Abstract:Compared with traditional task-irrelevant downsampling methods, task-oriented neural networks have shown improved performance in point cloud downsampling range. Recently, Transformer family of networks has shown a more powerful learning capacity in visual tasks. However, Transformer-based architectures potentially consume too many resources which are usually worthless for low overhead task networks in downsampling range. This paper proposes a novel light-weight Transformer network (LighTN) for task-oriented point cloud downsampling, as an end-to-end and plug-and-play solution. In LighTN, a single-head self-correlation module is presented to extract refined global contextual features, where three projection matrices are simultaneously eliminated to save resource overhead, and the output of symmetric matrix satisfies the permutation invariant.
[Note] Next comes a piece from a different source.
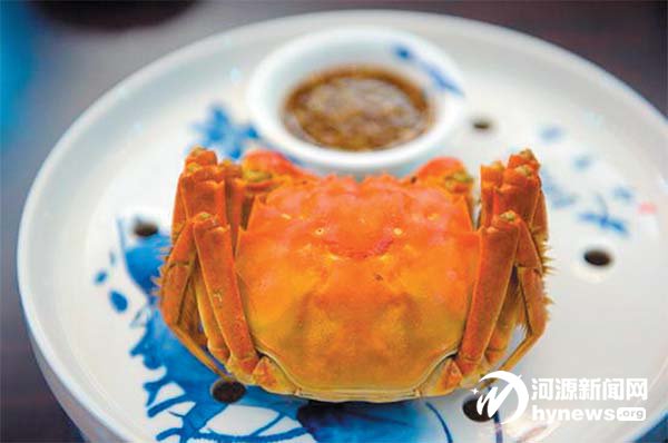 蒸熟后的溱湖簖蟹,色泽金黄, 块头大肉质嫩,最重要的是蟹黄、蟹 膏都超多,吃起来满齿鲜香,特别得 过瘾,我们不但在当地吃,临走还一 人一箱买了带回家吃。

Then, we design a novel downsampling loss function to guide LighTN focuses on critical point cloud regions with more uniform distribution and prominent points coverage. Furthermore, We introduce a feed-forward network scaling mechanism to enhance the learnable capacity of LighTN according to the expand-reduce strategy. The result of extensive experiments on classification and registration tasks demonstrates LighTN can achieve state-of-the-art performance with limited resource overhead.